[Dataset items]
^^^^^^^^^^^^^^^^

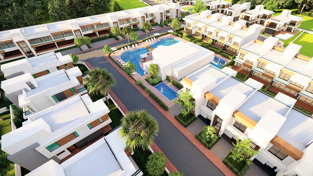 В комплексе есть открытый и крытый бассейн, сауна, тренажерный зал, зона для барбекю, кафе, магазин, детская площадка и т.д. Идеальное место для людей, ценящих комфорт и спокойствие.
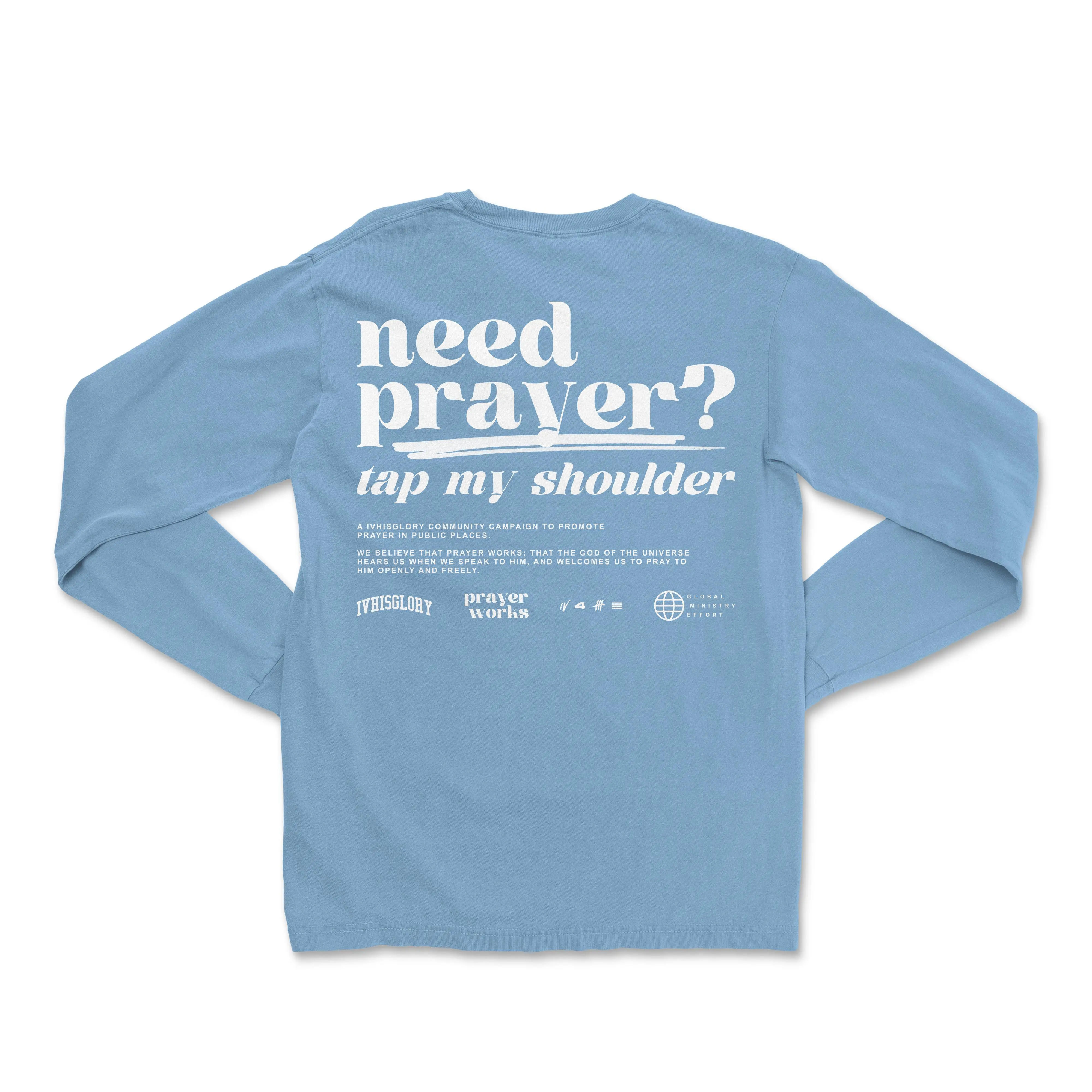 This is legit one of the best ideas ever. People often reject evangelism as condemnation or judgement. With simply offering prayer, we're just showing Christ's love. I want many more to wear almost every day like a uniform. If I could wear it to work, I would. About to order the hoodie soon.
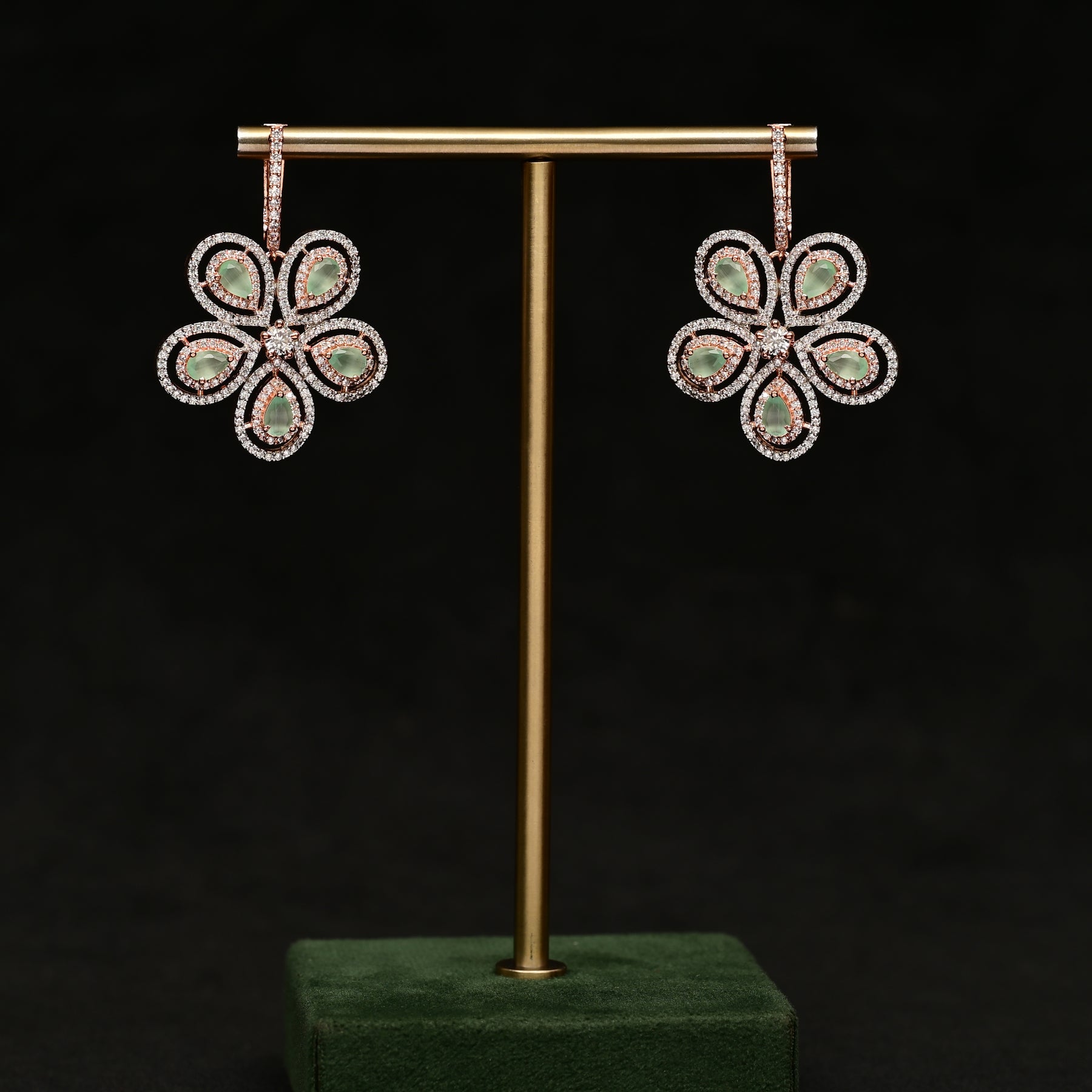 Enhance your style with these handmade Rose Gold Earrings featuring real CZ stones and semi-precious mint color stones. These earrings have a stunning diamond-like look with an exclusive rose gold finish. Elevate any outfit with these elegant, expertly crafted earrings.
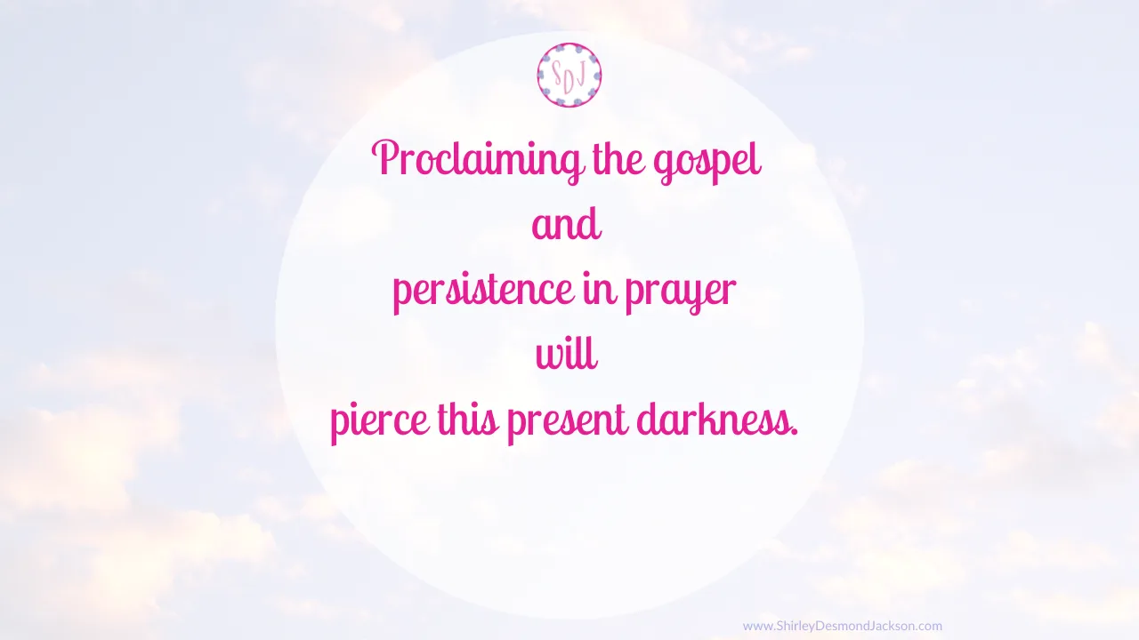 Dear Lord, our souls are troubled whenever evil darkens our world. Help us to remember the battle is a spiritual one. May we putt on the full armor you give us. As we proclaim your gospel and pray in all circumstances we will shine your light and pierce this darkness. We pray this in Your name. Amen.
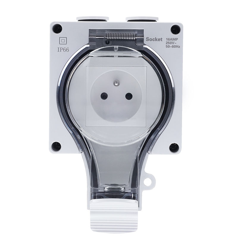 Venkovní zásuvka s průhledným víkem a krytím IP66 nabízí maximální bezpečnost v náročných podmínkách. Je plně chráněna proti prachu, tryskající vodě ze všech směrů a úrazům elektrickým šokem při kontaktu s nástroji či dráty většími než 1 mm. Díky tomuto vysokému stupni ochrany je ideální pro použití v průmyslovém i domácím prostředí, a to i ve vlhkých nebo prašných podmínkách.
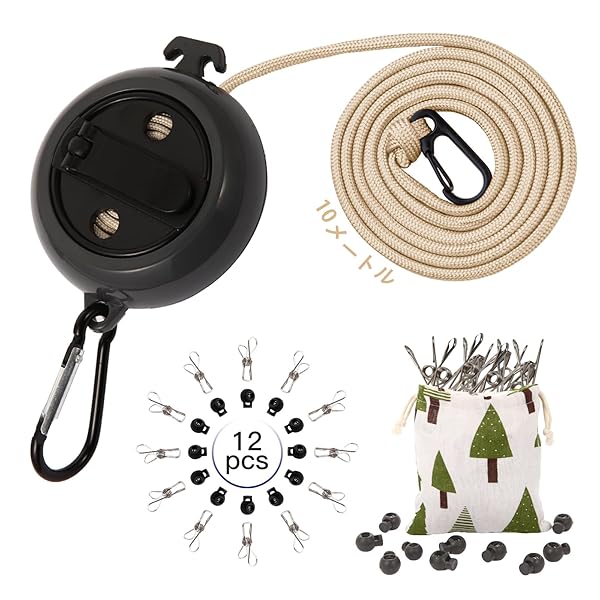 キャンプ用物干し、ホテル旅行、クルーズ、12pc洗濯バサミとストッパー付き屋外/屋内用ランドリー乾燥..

^^^^^^^^^^^^^^^^

# TASK BRIEF:
An exact copy of every line above is needed, without the images.

# WRITTEN RESPONSE:
 В комплексе есть открытый и крытый бассейн, сауна, тренажерный зал, зона для барбекю, кафе, магазин, детская площадка и т.д. Идеальное место для людей, ценящих комфорт и спокойствие.
 This is legit one of the best ideas ever. People often reject evangelism as condemnation or judgement. With simply offering prayer, we're just showing Christ's love. I want many more to wear almost every day like a uniform. If I could wear it to work, I would. About to order the hoodie soon.
 Enhance your style with these handmade Rose Gold Earrings featuring real CZ stones and semi-precious mint color stones. These earrings have a stunning diamond-like look with an exclusive rose gold finish. Elevate any outfit with these elegant, expertly crafted earrings.
 Dear Lord, our souls are troubled whenever evil darkens our world. Help us to remember the battle is a spiritual one. May we putt on the full armor you give us. As we proclaim your gospel and pray in all circumstances we will shine your light and pierce this darkness. We pray this in Your name. Amen.
 Venkovní zásuvka s průhledným víkem a krytím IP66 nabízí maximální bezpečnost v náročných podmínkách. Je plně chráněna proti prachu, tryskající vodě ze všech směrů a úrazům elektrickým šokem při kontaktu s nástroji či dráty většími než 1 mm. Díky tomuto vysokému stupni ochrany je ideální pro použití v průmyslovém i domácím prostředí, a to i ve vlhkých nebo prašných podmínkách.
 キャンプ用物干し、ホテル旅行、クルーズ、12pc洗濯バサミとストッパー付き屋外/屋内用ランドリー乾燥..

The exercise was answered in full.